なるほど、と思ってしまう。突拍子もないし、確証もないが、状況証拠的に認めざるを得ないようだ。

「そう言われると納得せざるを得ないな。」

「私達魔法少女が戦う相手は街中にも現れるから、衆人に見られても彼等が何も違和感を感じないように魔法がかけられているの。」

「ちょっと待て、魔法少女が何かと戦ってるなんて、現実でそんな話聞いた事ないぞ。」

「うん、そりゃそうだよ。だって私達が戦う相手は数十年前に根絶したもん。その後大規模な隠蔽工作も行われたし。」

「あー、つまりあれか、お前達はワクチンみたいなものなのか。」

「理解が早くて助かるわ。」

 つまりは、いつ敵が復活しても大丈夫なように魔法少女の育成だけは続けているという事だろう。ご苦労な事だ。

「というか、あれか……。私はこの世界の中ではイレギュラーで、相容れない存在だと思っていたんだが……世界は私が思っていたよりもおかしな世界だったんだな。」

「そういうことになるのかな?とりあえず、私には今までみたいに隠し事なんてしなくていいんだよ。」

「そうさせてもらおうかな。隠すのも案外疲れるんだ。……ところで、さっき双子の妹が居るって言ってたよな?ああいや、嫌なら別に話さなくてもいいんだが、その妹さんは今どうしてるんだ?」

 藪蛇かもしれないのを承知で先程少し引っかかった事を質問してみる。

「ああ、いいよ別に。うん。あの子はね、今も協会の高校に通ってるよ。あそこ一貫校だから。」

「なるほど。」

「あの子も私にどうしてもついていくんだって聞かなかったんだけどね、あの子私よりよっぽど魔法少女としての適性が高いから、協会がダメだって。逆に私は魔法少女としては役立たずだから、結構すんなり通ったの。
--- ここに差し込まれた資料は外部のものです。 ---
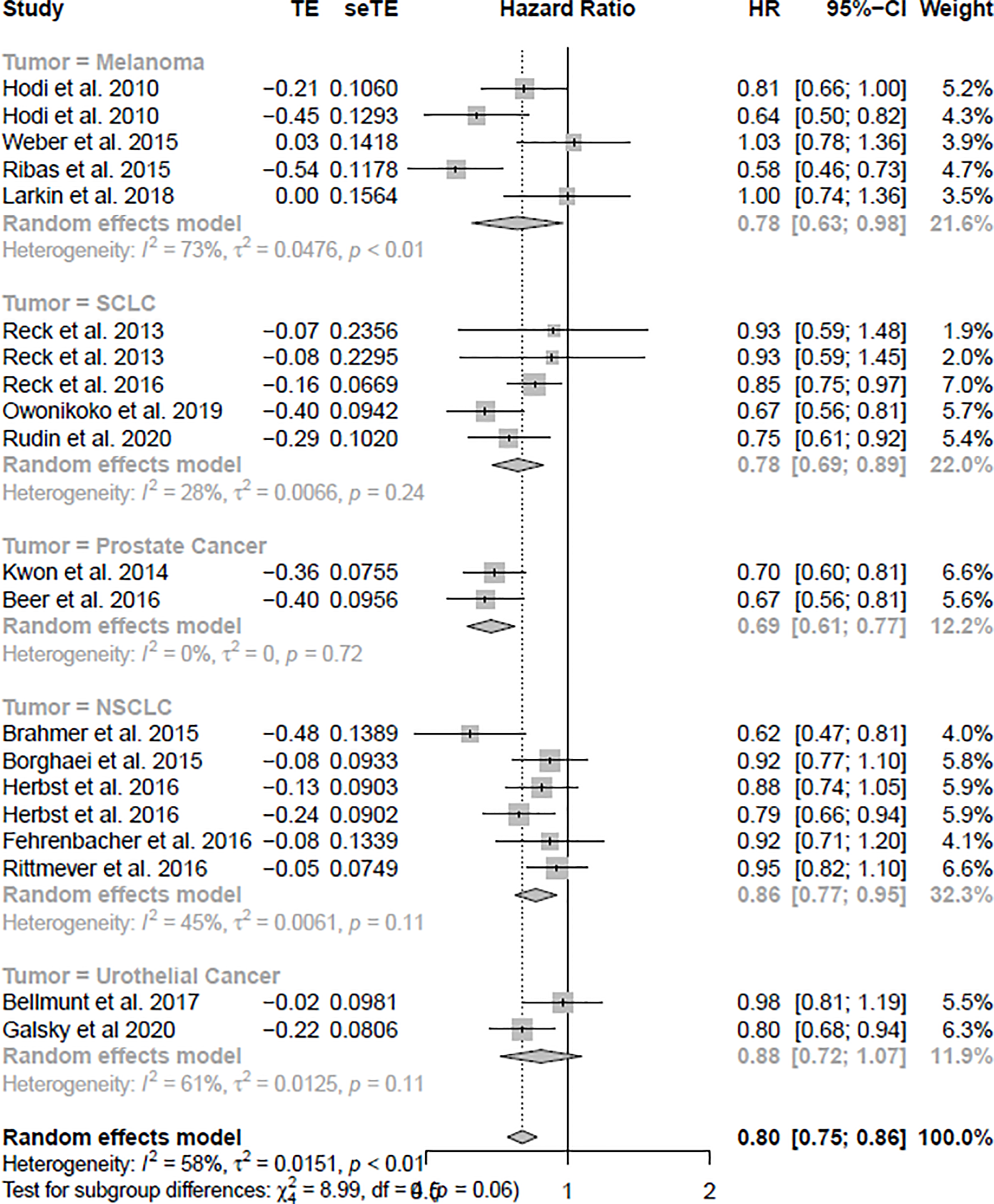 The summary result of heterogeneity is directly shown in Table 2. In the OS group, we found little heterogeneity in total with I2 = 41%, p = 0.02, and we chose to select the random-effect model according to the method we used. In the tumor subgroup heterogeneity test, we did not find obvious significant heterogeneity in the melanoma (I2 = 38%, p = 0.16), SCLC (I2 = 0%, p=0.83), NSCLC (I2 = 0%, p=0.48), and urothelial cancer (I2 = 0%, p = 0.73) subgroups, but a significant heterogeneity was found in the prostate cancer (I2 = 77%, p = 0.04) subgroup. In the PFS group, we also found heterogeneity in total with I2 = 58%, p < 0.01, and we chose to select the random-effect model according to the method we used. In the tumor subgroup heterogeneity test, we did not find obvious significant heterogeneity in the SCLC (I2 = 28%, p = 0.24), NSCLC (I2 = 45%, p = 0.11) and prostate cancer (I2 = 0%, p = 0.72) subgroups, but a significant heterogeneity was found in the melanoma (I2 = 73%, p < 0.01) and urothelial cancer (I2 = 61%, p = 0.11) subgroups.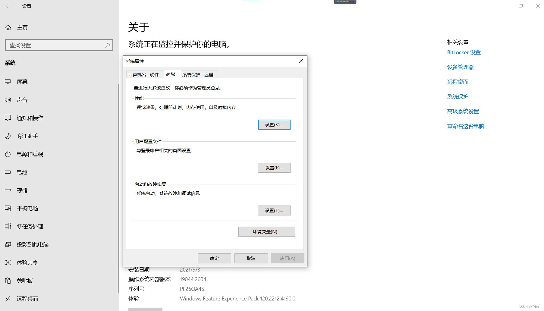 2.右键打开”此电脑“属性,先点击”高级系统设置”,再点击“环境变量”。

」

「使える魔法がリーサルウェポン1つだけな魔法少女はそりゃな……。」

「えへへ。照れるなぁ。」

「褒めてない。」

 先程までしんみりとした空気だったのに一転して、堪えきれず2人で笑う。私がこんな風に誰かと笑うなんて何年ぶりだろうか。この目の前の魔法少女には、使える魔法がもう一つだけ他にあるのかもしれない。

気づけば日は傾き、空が茜色に染まっていた。

「じゃあまた明日、学校でね!」

 ブンブンと、大げさに手を振る魔法少女と今朝ぶつかった曲がり角で別れる。かなりの近所のようだ。もしかしたら、同じ小学校だったのかもしれない。

「……これから、騒がしくなりそうだな。」

 夕暮れともなるとまだ少し肌寒い季節、吹き抜けた春風に思わず身震いしながら呟く。さて、帰ったら夕飯と明日の弁当作らないとな。